Alors que le dernier candidat LR à la présidentielle avait déjà pu être visé par une enquête en pleine campagne électorale, ce qui, au dela des faits, a pu provoquer une forme de "durcissement" des positions des sympathisants de droite l'électorat, ne peut-on pas voir ici un risque politique concernant l'électorat LR ? Derrière les faits, quels sont les risques que pourrait faire peser une forme d'acharnement judiciaire ou médiatique ? 

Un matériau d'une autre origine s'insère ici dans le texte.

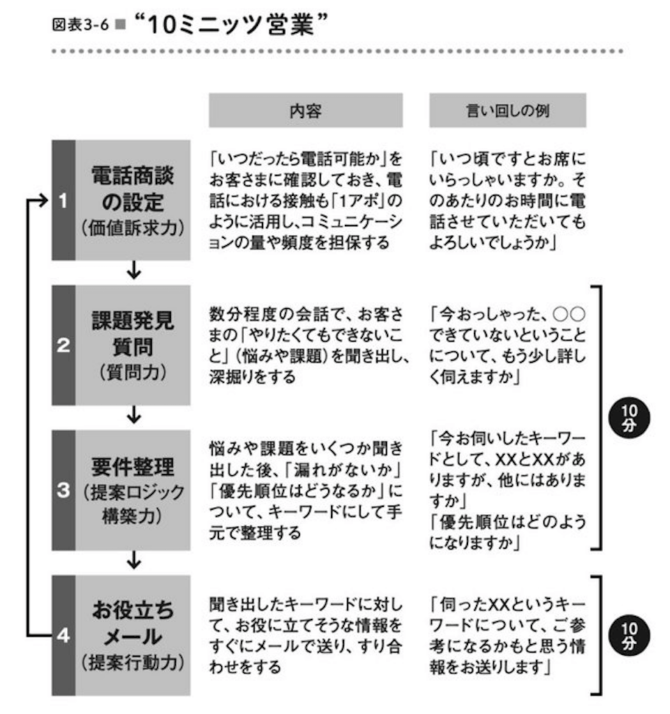 発注を検討する可能性のある営業には電話でのディスカッションをいとわないお客様も多いです。対面での商談だけだと、アポイントメントの間に時間的なロスが生じがちです。「10分電話商談」を活用することで、お客様との接点を増やすことができます。

Oui, cela fait beaucoup. Fillon privé de toute chance sérieuse d’être président par des accusations dont on attend toujours, aujourd’hui, les suites judiciaires. A présent Sarkozy. L’électorat de droite a, à tort ou à raison, le sentiment de s’être fait voler la victoire à la présidentiielle. Et comment, ne pas être choqué, ce soir, de voir le traitement réservé à un ancien président qui, au-delà des entraves européennes auto-infligées dont je parlais, a déployé une énergie phénoménale aussi bien pour réaliser des réformes que pour combattre, avec ses confrères étrangers la crise? Sarkozy est admirable par tout ce qu’il a fait alors même que le cadre européen décourage l’initiative des nations. Mais remarquez bien comme la droite, cadres politiques et électeurs, a lâché Fillon en 2017, au lieu de se souder autour de lui pour conquérir la présidence. Aujourd’hui les électeurs de droite devraient avoir le réflexe de dire que l’affaiblissement de Sarkozy est mauvais pour l’avenir. Et les ténors de la droite devraient faire bloc. « Right or wrong, my party ». Mais nous ne sommes pas dans un pays de stabilité des grands partis, comme en Grande-Bretagne ou aux Etats-Unis. Nous sommes dans le pays des partis éphémères, qui disparaissent avec celui qui les a coalisés.